Education curriculum to be piloted in May forges disproportionate emphasis on competition

The education curriculum to be piloted in May has sparked concerns and conspicuously missing in its tenets is the competition factor. The curriculum adopts formative evaluation system and ditches the former summative method thus forging disproportionate emphasis on competition.

Formative evaluation is designed to help students identify their skills. It helps faculties identify and solve problematic areas to students. Otherwise, it scraps national exams and is insistent on Continuous Assessment Tests (CAT).

Transition and advancement to its levels are based on gauging students’ abilities and competence. Bearing that different teachers have dynamic and varied judging abilities, the country risks ending up with half-baked graduates.

Summative evaluation enhances competition as it involves comparison against some standards. It measures the mastery of learning standards by both students and teachers. Administering of national exams keeps teachers on toes for fear of attaining undesirable grades.

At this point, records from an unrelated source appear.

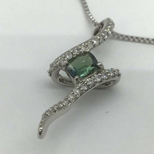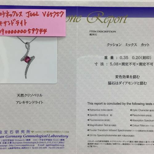 | コメント | 6月誕生石のアレキサンドライト陽の光の下では深いフォレストグリーン、そして夜白熱灯の下では艶めいた輝きを放つバーガンディに劇的に変化します。スライドアジャスターにより長さ調整が可能。鑑別書付き。 |
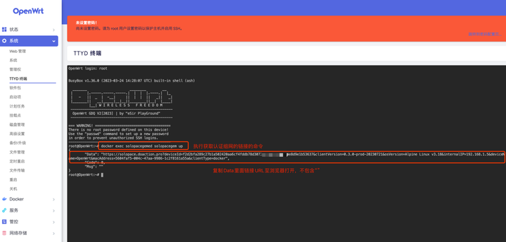 18、复制命令至OpenWrt的ttyd终端或者ssh到openwrt开启
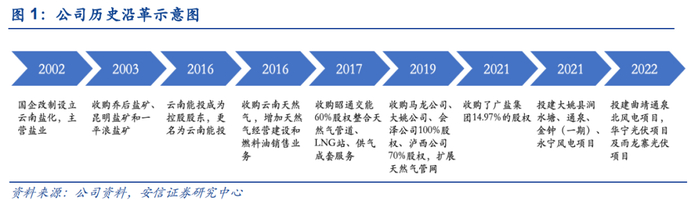 云南能投为云南能源投资集团旗下唯一新能源运营平台,主业涵盖盐业以及天然气、风电、光伏等清洁能源两大板块,新能源是公司未来发展的核心方向。公司成立于2002年,原名云南盐化,于2010年上市,是国家授权云南省唯一的食盐生产企业和云南省政府授权唯一经营碘盐企业,旗下现有“白象牌”盐产品,“艾肤妮”牌日化盐产品,主营业务为食盐、工业盐、芒硝和日化盐。2016年,云南能源投资集团置入天然气业务成为控股股东,剥离氯碱化工业务,公司更名为云南能投,扩充天然气和燃料油销售业务,获取云南省天然气管道项目及城市燃气的特许经营权。

CATs are not often a good way of testing content mastery because once a test on a unit is done it is never reviewed at any other stage of learning. KCSE, for instance, covers all topics from Form One to Four making students revisit almost every unit taught.

End year exams and others in summative evaluation are superfluous when it comes to content mastery than CATs. Introduction of a new curriculum is a weighty matter and the ministry should not be in a rush to roll it out for political expediency.